__Assignment__
Where the string "durch" occurs in a line of the entries below, copy that line.

__Working data__
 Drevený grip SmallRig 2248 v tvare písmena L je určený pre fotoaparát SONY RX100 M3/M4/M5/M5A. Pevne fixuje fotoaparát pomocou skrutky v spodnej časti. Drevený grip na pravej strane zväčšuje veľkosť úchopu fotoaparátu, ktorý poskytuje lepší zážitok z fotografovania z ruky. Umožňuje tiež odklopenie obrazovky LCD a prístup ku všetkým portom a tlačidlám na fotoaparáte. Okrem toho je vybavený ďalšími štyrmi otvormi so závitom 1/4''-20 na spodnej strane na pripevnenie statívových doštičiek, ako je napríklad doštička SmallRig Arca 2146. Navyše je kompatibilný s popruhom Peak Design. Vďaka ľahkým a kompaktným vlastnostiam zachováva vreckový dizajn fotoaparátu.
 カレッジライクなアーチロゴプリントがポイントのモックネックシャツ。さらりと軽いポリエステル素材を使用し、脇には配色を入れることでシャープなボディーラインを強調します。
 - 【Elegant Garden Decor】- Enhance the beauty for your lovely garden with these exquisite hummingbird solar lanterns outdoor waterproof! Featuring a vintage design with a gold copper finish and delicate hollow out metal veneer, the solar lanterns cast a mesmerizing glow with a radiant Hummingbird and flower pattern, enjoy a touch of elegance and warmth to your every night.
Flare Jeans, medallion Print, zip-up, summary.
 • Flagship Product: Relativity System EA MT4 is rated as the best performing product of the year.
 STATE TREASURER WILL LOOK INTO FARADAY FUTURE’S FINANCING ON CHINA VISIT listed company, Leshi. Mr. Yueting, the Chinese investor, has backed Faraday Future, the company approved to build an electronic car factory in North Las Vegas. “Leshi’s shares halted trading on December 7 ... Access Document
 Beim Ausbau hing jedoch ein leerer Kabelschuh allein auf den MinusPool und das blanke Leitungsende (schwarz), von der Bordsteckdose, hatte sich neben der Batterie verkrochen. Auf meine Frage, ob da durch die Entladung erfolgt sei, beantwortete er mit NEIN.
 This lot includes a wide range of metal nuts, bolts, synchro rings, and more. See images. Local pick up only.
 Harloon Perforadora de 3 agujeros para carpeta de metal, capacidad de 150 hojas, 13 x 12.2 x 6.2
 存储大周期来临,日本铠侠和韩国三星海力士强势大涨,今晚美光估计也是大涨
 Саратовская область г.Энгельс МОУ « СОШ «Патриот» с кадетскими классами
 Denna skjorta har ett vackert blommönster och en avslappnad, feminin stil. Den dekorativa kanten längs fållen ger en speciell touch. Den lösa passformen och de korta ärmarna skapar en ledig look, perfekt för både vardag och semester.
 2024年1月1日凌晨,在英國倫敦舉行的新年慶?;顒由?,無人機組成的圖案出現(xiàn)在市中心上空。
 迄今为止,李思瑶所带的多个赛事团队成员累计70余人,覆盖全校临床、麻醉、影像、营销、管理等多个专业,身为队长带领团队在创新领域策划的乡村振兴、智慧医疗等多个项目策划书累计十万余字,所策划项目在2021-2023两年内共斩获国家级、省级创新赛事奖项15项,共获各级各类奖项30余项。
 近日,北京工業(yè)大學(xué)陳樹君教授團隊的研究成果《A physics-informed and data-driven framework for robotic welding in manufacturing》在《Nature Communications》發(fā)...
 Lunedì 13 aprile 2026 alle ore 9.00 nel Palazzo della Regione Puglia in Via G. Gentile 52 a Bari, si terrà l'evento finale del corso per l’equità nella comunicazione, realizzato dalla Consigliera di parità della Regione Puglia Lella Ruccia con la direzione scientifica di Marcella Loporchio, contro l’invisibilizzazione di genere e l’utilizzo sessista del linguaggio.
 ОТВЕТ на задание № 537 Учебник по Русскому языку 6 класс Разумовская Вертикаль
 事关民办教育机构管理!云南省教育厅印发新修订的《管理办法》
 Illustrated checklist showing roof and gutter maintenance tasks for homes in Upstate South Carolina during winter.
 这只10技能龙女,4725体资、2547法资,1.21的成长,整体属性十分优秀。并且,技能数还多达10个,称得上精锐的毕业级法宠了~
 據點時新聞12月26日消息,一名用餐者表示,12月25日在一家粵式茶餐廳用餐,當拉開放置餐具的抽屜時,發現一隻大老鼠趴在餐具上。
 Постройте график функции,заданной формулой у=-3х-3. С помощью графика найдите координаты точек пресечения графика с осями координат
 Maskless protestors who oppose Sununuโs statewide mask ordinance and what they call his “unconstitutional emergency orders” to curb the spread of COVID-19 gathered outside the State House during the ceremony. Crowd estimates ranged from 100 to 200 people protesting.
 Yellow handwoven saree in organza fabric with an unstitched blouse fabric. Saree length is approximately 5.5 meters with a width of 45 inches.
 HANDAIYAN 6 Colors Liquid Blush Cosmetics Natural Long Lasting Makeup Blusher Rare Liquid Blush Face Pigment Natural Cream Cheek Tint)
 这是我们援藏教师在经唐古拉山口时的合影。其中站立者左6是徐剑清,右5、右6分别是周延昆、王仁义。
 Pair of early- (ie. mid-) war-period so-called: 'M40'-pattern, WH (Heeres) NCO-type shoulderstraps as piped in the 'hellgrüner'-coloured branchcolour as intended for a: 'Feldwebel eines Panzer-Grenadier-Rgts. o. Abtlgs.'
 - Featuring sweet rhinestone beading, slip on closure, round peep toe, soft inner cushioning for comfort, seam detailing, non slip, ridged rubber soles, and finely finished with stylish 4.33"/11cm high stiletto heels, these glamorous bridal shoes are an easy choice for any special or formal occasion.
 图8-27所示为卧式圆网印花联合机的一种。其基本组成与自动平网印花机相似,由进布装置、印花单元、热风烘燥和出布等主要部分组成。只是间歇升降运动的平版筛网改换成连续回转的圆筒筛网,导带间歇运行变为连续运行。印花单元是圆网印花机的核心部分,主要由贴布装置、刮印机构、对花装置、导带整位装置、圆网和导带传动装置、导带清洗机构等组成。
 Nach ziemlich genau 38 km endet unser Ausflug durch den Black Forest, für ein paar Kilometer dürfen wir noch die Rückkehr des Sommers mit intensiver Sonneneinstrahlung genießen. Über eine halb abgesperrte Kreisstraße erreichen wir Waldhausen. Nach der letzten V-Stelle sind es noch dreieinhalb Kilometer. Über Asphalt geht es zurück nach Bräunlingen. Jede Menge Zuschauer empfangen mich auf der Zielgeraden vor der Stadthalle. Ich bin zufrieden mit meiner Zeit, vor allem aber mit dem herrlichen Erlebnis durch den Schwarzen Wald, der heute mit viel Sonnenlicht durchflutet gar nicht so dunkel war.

__Exercise answer__
 Beim Ausbau hing jedoch ein leerer Kabelschuh allein auf den MinusPool und das blanke Leitungsende (schwarz), von der Bordsteckdose, hatte sich neben der Batterie verkrochen. Auf meine Frage, ob da durch die Entladung erfolgt sei, beantwortete er mit NEIN.
 Nach ziemlich genau 38 km endet unser Ausflug durch den Black Forest, für ein paar Kilometer dürfen wir noch die Rückkehr des Sommers mit intensiver Sonneneinstrahlung genießen. Über eine halb abgesperrte Kreisstraße erreichen wir Waldhausen. Nach der letzten V-Stelle sind es noch dreieinhalb Kilometer. Über Asphalt geht es zurück nach Bräunlingen. Jede Menge Zuschauer empfangen mich auf der Zielgeraden vor der Stadthalle. Ich bin zufrieden mit meiner Zeit, vor allem aber mit dem herrlichen Erlebnis durch den Schwarzen Wald, der heute mit viel Sonnenlicht durchflutet gar nicht so dunkel war.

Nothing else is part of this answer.